A more complex example using Dirichlet regression is shown below. The data come from a real study that analysed the allocation of biomass to different plant tissues through time for two species under different nutrient regimes (see here for a subsequent reanalysis). Given the wide range in possible plant sizes, it made sense to standardize biomass measurements as proportions of total biomass per individual plant. Since the proportions of the total have to add up to one, the different components have a complex interdependence that needs to be accounted for in the analysis.

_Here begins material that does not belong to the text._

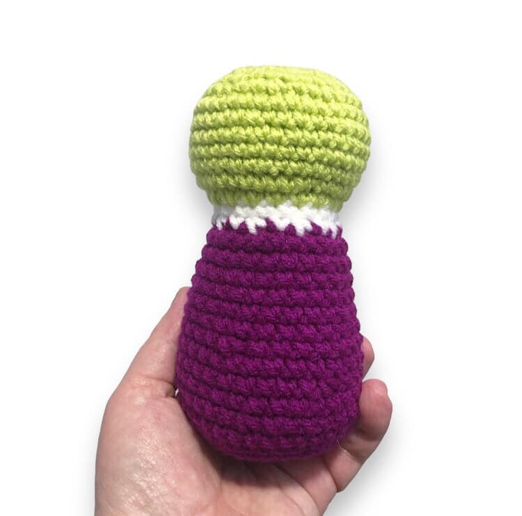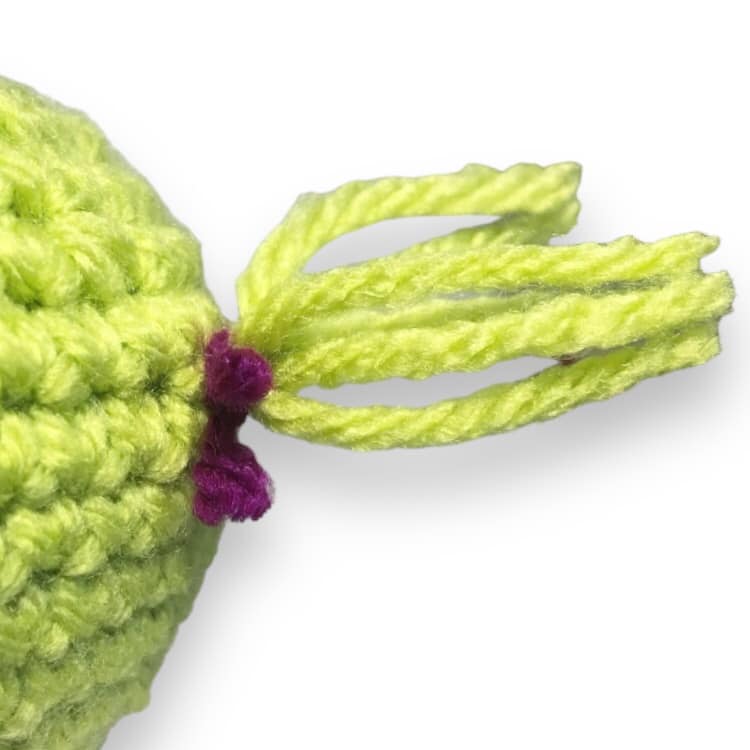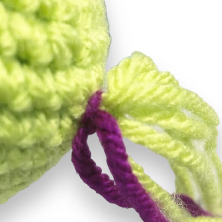 • 50 grams each size 4 worsted weight yarn in Purple, Light Green
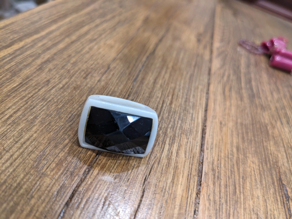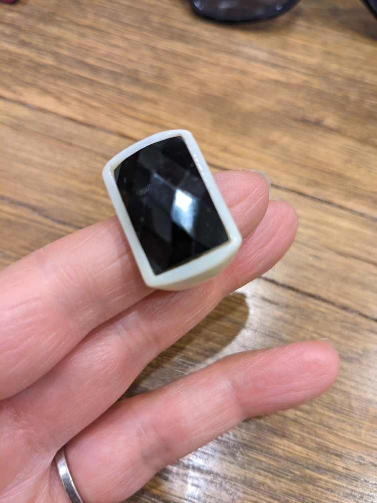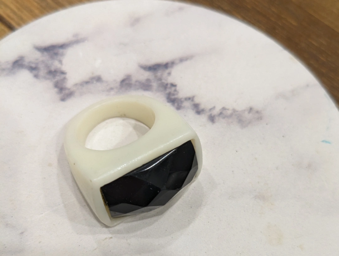 893Modern ring. Features a rectangular black stone. Off-white band. Eye-catching accessory. Perfect for adding a touch of flair to any outfit. Pick up only.

Dirichlet regression accounts for this interdependency between responses.

This example shows biomass partitioning over time to leaves (LMF), roots (RMF) and stems (SMF) for two plant species (Holcus lanatus and Deschampsia flexuosa). They were grown in two contrasting nutrient regimes (rows, low vs high). Black lines indicate model predictions. For each species x nutrient combination these sum to one across the columns. Dirichlet regression makes this possible. With other methods, we could end up with models showing over 100% of the plant’s biomass going to the leaves.

# A User’s Guide to Analysing Proportions in Ecology and Evolutionary Biology

Analysing continuous proportions in ecology and evolution: A practical introduction to beta and Dirichlet regression’ aims to provide a non-technical introduction to these techniques for practitioners in ecology and evolutionary biology. We keep the technical details to a minimum and focus on practical advice. We start describing different kinds of proportional data and present a decision tree to help practitioners match properties of their data and experimental design to the right analysis.